▶ **DATA PROVIDED**:
>>

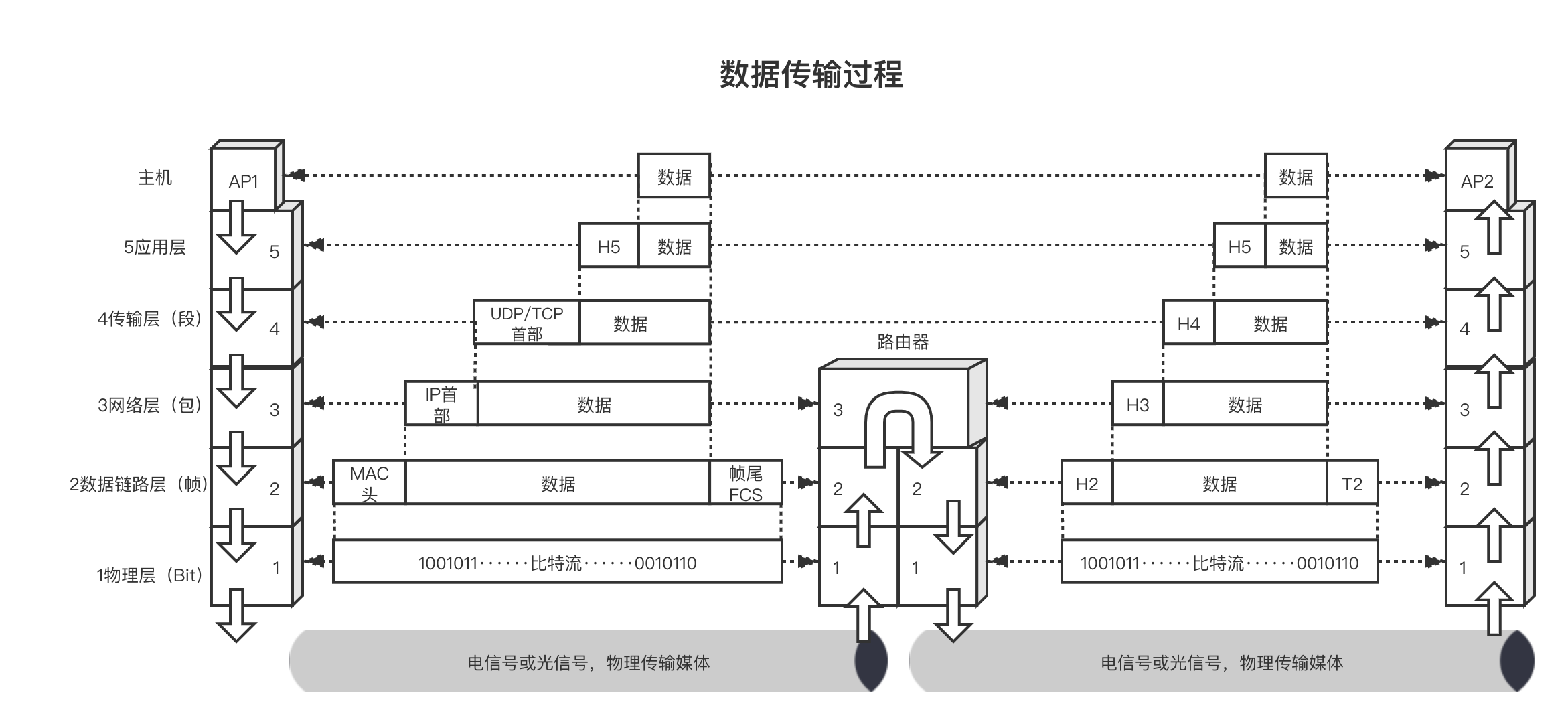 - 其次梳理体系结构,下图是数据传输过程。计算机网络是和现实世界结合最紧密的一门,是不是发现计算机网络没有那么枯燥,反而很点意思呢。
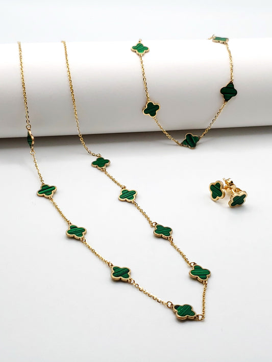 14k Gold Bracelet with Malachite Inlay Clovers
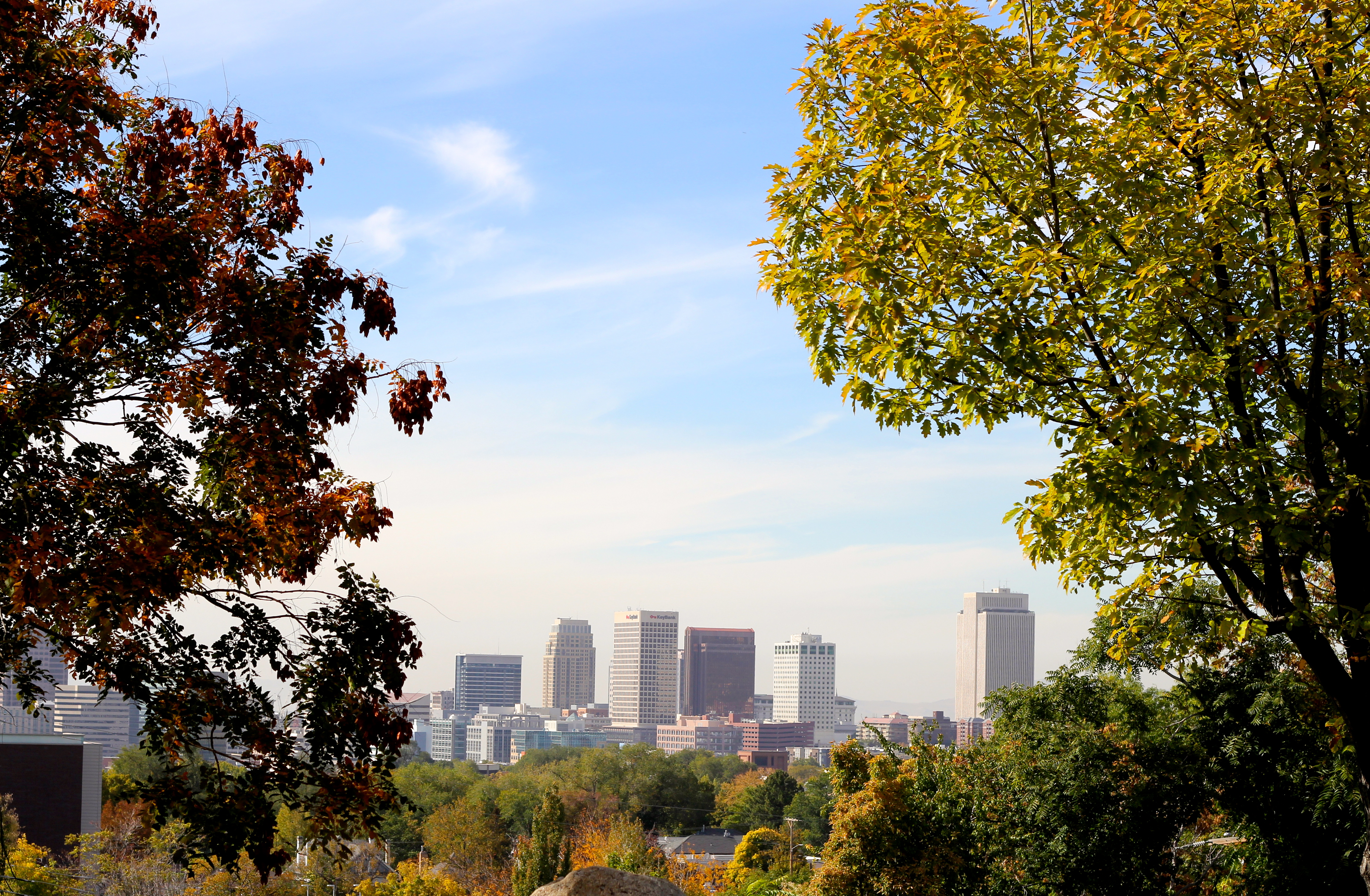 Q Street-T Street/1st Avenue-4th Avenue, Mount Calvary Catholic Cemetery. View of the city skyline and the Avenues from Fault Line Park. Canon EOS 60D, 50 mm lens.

<<

▶ **REQUIRED WORK**: Apart from the images, reproduce the listing exactly as it appears.

▶ **ANSWER SPACE**:
 - 其次梳理体系结构,下图是数据传输过程。计算机网络是和现实世界结合最紧密的一门,是不是发现计算机网络没有那么枯燥,反而很点意思呢。
 14k Gold Bracelet with Malachite Inlay Clovers
 Q Street-T Street/1st Avenue-4th Avenue, Mount Calvary Catholic Cemetery. View of the city skyline and the Avenues from Fault Line Park. Canon EOS 60D, 50 mm lens.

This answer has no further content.